Capital costs alone appear to make new Alberta refineries uneconomic, which is why oil sands producers prefer buying US refineries and renovating
A new study from the School of Public Policy says the soon to be operational refinery near Edmonton is likely to lose a dollar for every barrel of bitumen it processes and Albertans will be on the hook for 75 per cent of the loss. But North West Redwater Sturgeon Refinery management has fired back, accusing economist Brian Livingston of using “false assumptions” in his analysis.
The controversial project, the first new Canadian refinery since 1984, is designed to process 50,000 b/d of bitumen and 29,000 b/d of dilbit, producing 40,000 b/d of low sulphur diesel, 28,000 b/d of diluent, and 13,000 b/d of other lighter petroleum products.
One of several reasons the refinery is controversial is BRIK, the “bitumen royalty-in-kind program” that requires Alberta to provide 75 per cent of the bitumen (received by the government in lieu of royalties), which North West Refining processes for a fee, or toll. The government retains ownership of the finished product and markets it through the Alberta Petroleum Marketing Commission.
Prof. Brian Livingston of the School of Public Policy says this arrangement removes the incentive for the operation to be managed as efficiently as possible, exposing Alberta to losses of about $24 million a year, according to his calculations.
“They have no risk so they have no skin in the game,” he said in an interview.
The loss might be higher if the cost of feedstock (diluted bitumen) rises or the price of petroleum products drops.
But the refinery could make a profit if dilbit costs moderate or petroleum prices go up.
It all depends on the assumptions Prof.
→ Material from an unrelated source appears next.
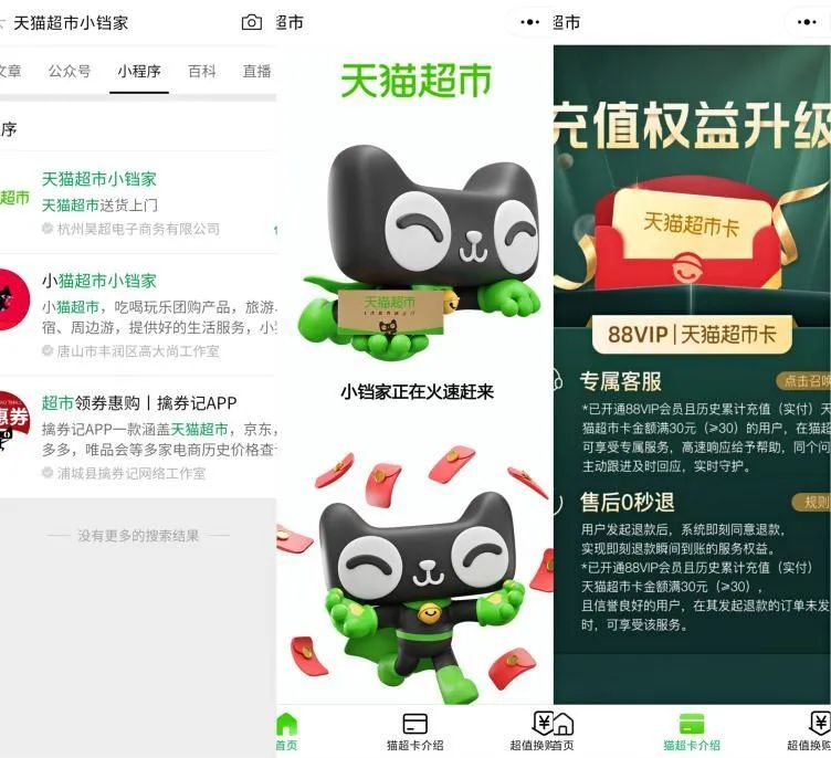 仅在近期,有消息称在今年初切断了淘宝联盟和京东联盟外链的快手,将从10月28日起重新恢复淘宝联盟商品链接;同样在双11前,一款名为“天猫超市小铛家”的微信小程序,也刚刚在双11前上线,运营主体是天猫科技全资子公司。

Livingston plugs into his spreadsheet.
North West Refining took exception to his calculations in an emailed statement: “The author of the School of Public Policy Report did not contact North West Refining Inc. to verify the economic assumptions on which the report is based or discuss the conclusions reached. For this reason he did not have access to complete and accurate information about the project. As a result, certain of the assumptions and guesses about important elements of the project are factually incorrect.”
The company pointed to a Conference Board of Canada study that estimates the refinery will generate $100 million profit annually.
“Financial analysis by independent third parties continues to show that the Sturgeon Refinery will provide positive results for Albertans,” the statement says.
What are readers to make of these dueling studies? Frankly, the project’s profitability one way or the other isn’t that interesting.
Readers can peruse them and make up their own minds about the likely profitability of the refinery. Or, they can wait a few months and read the company’s financial statements after its first (partial) year of operation.
But it is interesting that the Energy Diversification Advisory Committee didn’t recommend more refining and full upgrading in its report, released a few months ago, despite the fact Rachel Notley and the NDP included adding more refining at home in their 2015 election campaign. [Full disclosure: I was contracted as a copy editor for the final draft of the EDAC report.]
Instead, EDAC recommended supporting the rapid commercialization of bitumen partial upgrading technology and financial support for petrochemical expansion. The Notley government apparently agreed, since it committed $2 billion toward those goals.
So, when North West Refining argues, as it did in its statement, that “Albertans need diversification options that maximize the value of our resources and allow existing pipelines to export more value,” those options pretty clearly don’t include more refineries.
Should more refining be an option?
If it should, why hasn’t the private sector built more refineries in Alberta – or anywhere in Canada – over the past 30 years?
One reason is the cost of capital construction.
Livingston uses the example of Husky Energy and its purchase of a 50,000 barrel per day refinery – whose production is almost identical to the Sturgeon facility – in Wisconsin for $670 million, which works out to $13,000CDN per flowing barrel.
By contrast, Sturgeon’s latest capital cost estimate in April was $9.7 billion, for a cost per flowing barrel of $123,000CDN, according to Livingston’s study.
Small wonder, then, that Canadian oil sands producers have chosen to buy American refineries and convert them (adding cokers and hydrotreaters that can cost up to $1 billion to install) to process bitumen.
For instance, Cenovus Energy produced about 150,000 b/d of bitumen in 2016, has a 50 per cent interest in two US refineries operated by Phillips 66 that have a total capacity of 460,000 bpd, of which 255,000 b/d is heavy crude.
Suncor and Husky also have US refineries capable of processing bitumen.
Livingston’s numbers, buttressed by the real-life decisions of oil sands companies’ management – always a good indicator of what is economic and what isn’t – suggests that the Sturgeon refinery will be the last of its kind in Western Canada.
That said, if the North West Refining management turns out to be correct and the facility does consistently earn $100 million a year, then it will probably be able to finance the planned two expansion phases (that would triple output) on its own without Alberta taxpayers risking more money.
Either way, whether profitable or not, the Alberta government has thrown in its lot with partial upgrading and petrochemical expansion, and Sturgeon is almost certainly the last refinery that will ever be built in Alberta.